So the last backup is 76 megabytes. Do I want to delete the old ones? What’s the plan here?

Jerod Santo

Yeah, man. There’s no reason to have them, because each one has the entire contents of the previous ones.

Gerhard Lazu

Oh, I see.

Jerod Santo

It’s not like differentials or anything. It’s like the entire folder structure of Changelog Nightly, which is all static files. Every night, we had two static files and send an email, and then we back it up. And so that’s just been happening for years…

Adam Stacoviak

Wow.

Jerod Santo

…and so I forgot about it. So yeah, this can –

Gerhard Lazu

Okay, so we’ll fix this.

Jerod Santo

Just keep the most recent one. Just keep one. In fact, tonight we’ll have a new one, so you can delete them all. We’ll create a new one tonight.

Gerhard Lazu

Cool.

Adam Stacoviak

[57:57] What do we do about tomorrow, though?

Jerod Santo

Well, we can make it run less often. [laughter] We can run it like weekly…

Gerhard Lazu

No, hang on… I think that’s fine. I think that’s fine. What we can do is set some sort of an expiration, or like auto-purging on the objects…

Jerod Santo

Oh, yeah, let’s do that.

Gerhard Lazu

Okay. That’s a better idea. Good. Okay, cool. So we’ll fix that as well. Great!

Adam Stacoviak

Keep the last 10…

Gerhard Lazu

Great.

Jerod Santo

I can’t believe the Nightly folder structure of just HTML files is 76 megabytes of HTML. That seems like a lot.

Gerhard Lazu

Well, it may be worth something. It’s a tar, so it means there is no archiving, no compression of any kind. I’m wondering if we can make it small. Where does Nightly run, by the way?

Jerod Santo

It’s a production Kubernetes cluster in my closet…

Gerhard Lazu

In your closet, right? [laughs]

Jerod Santo

It’s on an old Digital Ocean droplet.

Adam Stacoviak

I’d actually like to get rid of that, but you know…

Gerhard Lazu

Don’t say where it is, because I’m sure it’s so unpatched, I think… It’s like a honeypot to this point. [laughs] The exploits have exploits at this point.

Jerod Santo

Yeah, thankfully it’s just straight up static files served by, I think, NGINX.

Gerhard Lazu

No SSH.

Jerod Santo

Oh, yeah. No SSH. Don’t tell anybody that they can SSH to it.

Gerhard Lazu

Okay. No FTP. Nothing.

Jerod Santo

Nope. Can’t connect to it.

Gerhard Lazu

Right. Completely firewalled.

Jerod Santo

It’s actually air-gapped. Yeah, I don’t even know how it does what it does, because you have to walk over to it and put the thumb drive into it.

Adam Stacoviak

For every request you need to have somebody go plug it in.

Jerod Santo

Yeah.

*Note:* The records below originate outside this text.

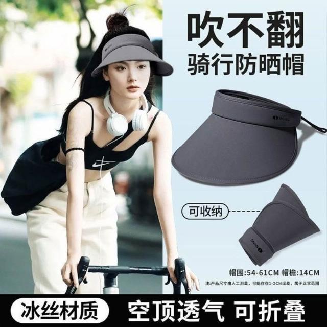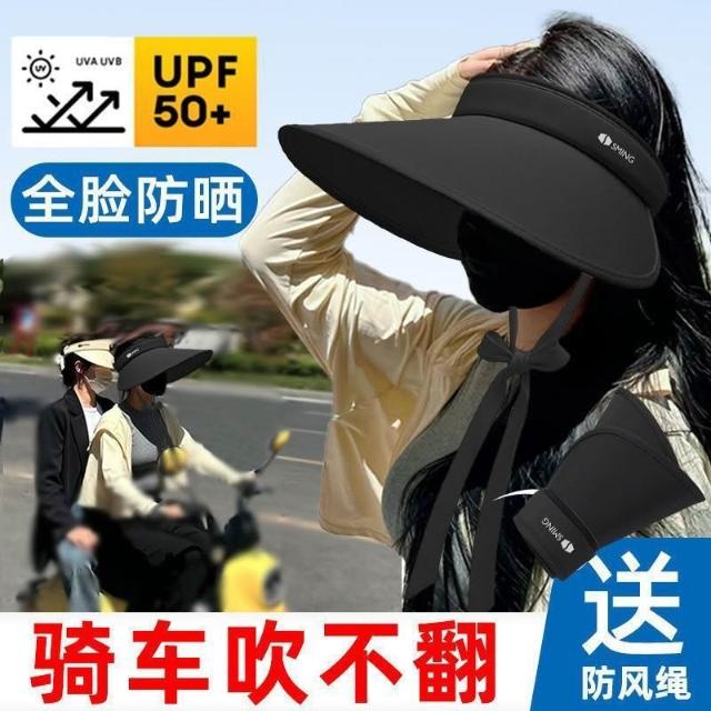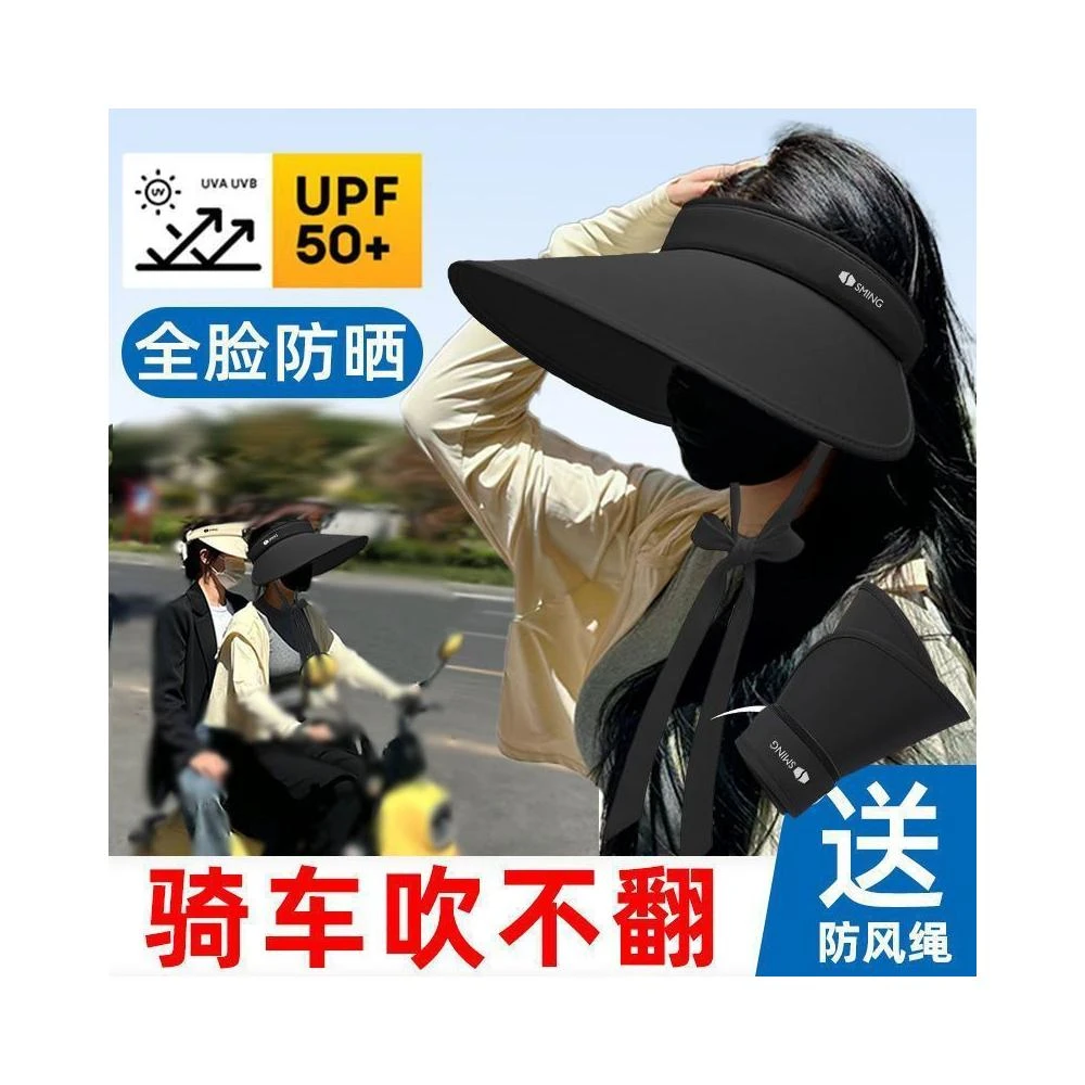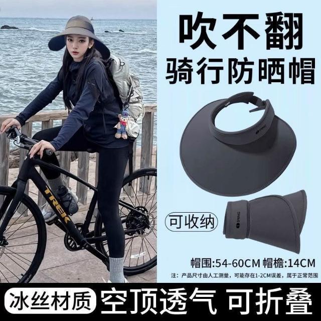 優先購騎車防曬帽吹不翻自行車防風防曬帽不掉可摺疊大帽檐空頂女大頭圍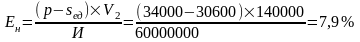 Эффективность капитальных вложений достигается при условии, если расчетный коэффициент эффективности Ен больше либо равен нормативному коэффициенту эффективности Ен. Так как в расчете отсутствует нормативный коэффициент эффективности, вычисляем только расчетный Ен.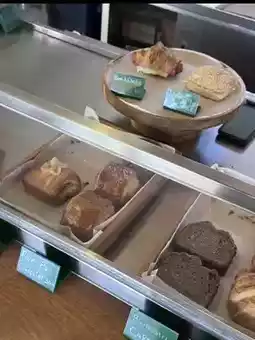 架子上摆满了各种各样的糕点,看起来都非常诱人。我点了一个杏仁牛角包和一杯拿铁。牛角包外皮酥脆,内里松软,杏仁馅料也很足,吃起来很满足。拿铁也很好喝。☕️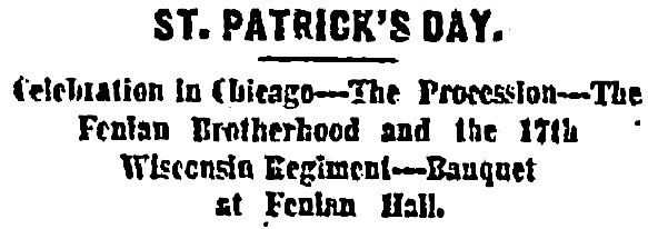 Contrary to general expectation and custom, St. Patrick’e Day was exempt from a cold water deluge, but, although there was no rain, a slight sprinkling of snow, which fell early in the morning, made the streets almost impassable with mud after the genial rays of the sun poured out upon it. About 9 o’clock in the morning the sky became overcast with thick, heavy clouds, through which the sun occasionally shone forth in sub-meridian splendor. The streets at an early hour were crowded with people—men, women, and children of all ages, sizes and colors. In the neighborhood of Market street the crowd was most dense, and, as the Catholic Total Abstinence Society came marching along, headed by the National Band, the spectators sprang up as it were by magic, and in a few minutes Market, from Lake to Madison was a living sea of humanity. In a a few minutes afterward along came the Hibernian and the United Sone of Erin Societies by brass bands, and after these came four companies of the Brigade—350 men under arms—under command of Colonel Michael Scanlan, and 200 members of the Fenian Brotherhood, all bearing the badge of membership—F. B. on a small green rosette, pinned to the cost breast.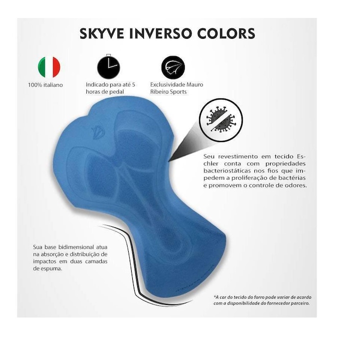 Possui design ergonômico, material 100% italiano, sem costuras e sem colas. A tecnologia Skyve Inverso presente em sua estrutura, expõe as fibras mais densas na sua parte inferior, na qual fica em contato com o selim, enquanto sua estrutura lisa encontra-se na parte superior do forro, em contato com a pele.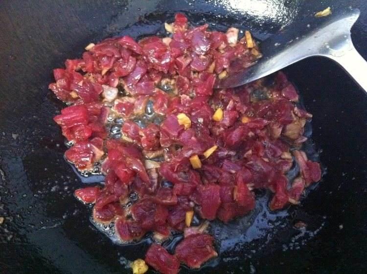 5.锅内放油,开大火烧热,有点儿冒烟儿时,改小火,同时放入处理好的牛肉,肉放入锅中不要急着翻炒,只把肉铲开,小火,约半分钟到一分钟左右,改中大火,开始翻炒,这样一来肉不会粘锅,而且还不出汤。

Every night we plug it in, and it runs, and then we unplug it.

Gerhard Lazu

Shouldn’t we put it on the Fly. What do you think?

Jerod Santo

We certainly could. Honestly, Changelog Nightly is like an entire subject. The quality has been degrading lately because of the rise of malware authors just attacking GitHub constantly. And so there’s a lot of malware stuff. The only change that I’ve made to Changelog Nightly in the last couple of years is just fighting off malware. We just don’t want malware repos showing up. And there are constantly – it’s cat and mouse. It has been.

Gerhard Lazu

Why don’t we just shut it down?

Jerod Santo

It still provides a little bit of value for about 4,000 people, you know…?

Adam Stacoviak

Yeah, it really does.

Jerod Santo

And me. I still read it. I still find cool stuff in there. It’s just harder yet to scan through some crappy stuff. There’s just some crappier repos in there, just because GitHub’s so big now. It’s become a little bit rigid, because it’s like an old Ruby codebase that sometimes – like, I’ve got gemfile problems on my local machine… You know, I can’t run it locally; I only can run it from that Digital Ocean server. So I go in there in Vim and edit stuff.

Gerhard Lazu

So you don’t want me to see it, that’s what you’re saying.

Jerod Santo

No, I don’t want you to look at it.

Gerhard Lazu

Gerhard is not allowed anywhere near this thing. [laughter] It just flips over!

Jerod Santo

This is legacy code. This is legacy code. I’ve thought about rewriting it in Elixir, and just like bringing it in and having like a monorepo deal. And then I’m like “Why would I put any time into this? There’s so many things I can work on.”

Gerhard Lazu

I see.

Jerod Santo

So Nightly is just kind of out there. We could definitely put it on Fly. I think that would definitely help our security story… But it might be tough, because it’s like Ruby 2, it’s like old gems, stuff like that…

Gerhard Lazu

If there’s a container for it, it doesn’t really matter. It really doesn’t.

Jerod Santo

That’s what I’m telling you there, it’s Ruby 2, it’s old gems… There’s no container, man. This is like pre-Docker.

Gerhard Lazu

No, no, I mean, there is a Ruby 2 container.

Jerod Santo

Oh, yes. I’m saying there’s no Dockerfile for Changelog Nightly, is my point.

Gerhard Lazu

We don’t need a Dockerfile. If there is a Docker container that we can start off, that’s okay. We can keep it exactly as it was. So I’m looking now at the Ruby Official on Docker Hub image…

Jerod Santo

Ruby 2.3.3, patch 222.

Gerhard Lazu

2.3. Yeah, there we go. Six years ago. It exists. We can pull it, we can base it off on this.

Adam Stacoviak

I kind of learning this with ChatGPT recently, with running – I didn’t want to set up a dev environment, it was actually just for fun, trying to run Jekyll without having to actually install Jekyll, or anything. Because Jekyll is notoriously just kind of hard to maintain, because it’s Ruby, and gemfiles, and all the reasons… And so I’m like “I want to just run the entire thing in a Docker container”, but still hit it from a typical web browser, like I would to develop a blog.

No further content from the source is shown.